There are no conventional ads on WorldSpace radio. How long do you think you can sustain growth without advertising revenue?

We don’t have any plans of selling ads on WorldSpace radio. WorldSpace garners revenues from consumer subscription fees, sales of equipment, provision of certain services to governments, leasing satellite capacity and other items, including technology licensing.

The co-branded association with the movie Lage Raho Munnabhai was a huge success. Are you looking at similar associations in future?

Lage Raho Munnabhai had a great script and was a lesson in how marketers can use films to create a positive buzz for their brands. WorldSpace was part of the story-telling; we were ‘in script’. The result, of course, was that our brand awareness increased and sales in smaller towns, such as Indore and Baroda, increased notably. Our endeavour is to constantly explore opportunities where WorldSpace can be an integral part of the script and not merely a product placement.

Has your marketing strategy changed from the days when the task was more missionary in nature?

In 2005, when we launched, we introduced niche regional content. The idea was to reach out to all consumer segments. We kicked off the AR Rahman campaign. Another strategy was to also give the consumer an opportunity to touch and feel the product through kiosks and lounges set up across the country.

The second stage of our marketing efforts focused on creating distinction. While the earlier Rahman campaign captured the width of WorldSpace, the next one focused on the depth. We also made significant strides with our strategic alliances with brands such as Café Coffee Day and Barista.

The current marketing campaign focuses on broad-basing. We will focus our efforts in taking WorldSpace to tier-2 or class-B cities, where they have limited entertainment avenues. This year, we will also build momentum in the area of commercial broadcasting. Last year, our music were made available online via a strategic alliance with MSN. We will seek such strategic alliances this year too.

Where do you have the maximum subscription base? Which are relatively weaker?

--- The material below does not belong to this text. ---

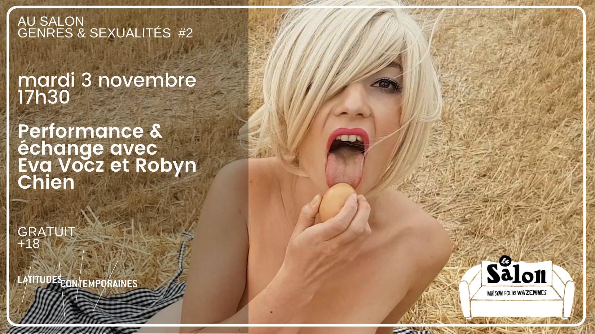 Pour son deuxième temps fort Genres & sexualités au salon, Latitudes Contemporaines s’associe au colloque « Médiatiser les sexualités » organisé par les universités de Lille et Rennes 1, et invite les pornographes et artistes Eva Vocz et Robyn Chien à proposer un écho performatif aux thématiques abordées par ce colloque.

WorldSpace was launched in Bangalore; hence the awareness level and adoption is probably highest in this market and other southern markets. Metro markets like Delhi and Mumbai have also shown a high level of traction.

I would say the east and central India present an unexplored, untapped future opportunity.

What is your growth rate in smaller, tier-2 cities?

Earlier, our strategy was to achieve growth in the top-10-city category before extending our retail network. Today we have posted over 50% growth in tier-2 markets, such as Cochin, Pune, Chandigarh, Ahmedabad, Trivandrum, Surat, Nagpur, Dehradun, Jaipur, Baroda, Amritsar, Ludhiana, Jalandhar, Mangalore, Indore and Goa.

Going forward, what is the road map for WorldSpace in India?

This year, WorldSpace will focus on tier-2, class-B cities in India quite aggressively. There will be a renewed thrust on strategic alliances and commercial broadcasting combined with efforts directed at customer retention. All in all, 2008 promises great action.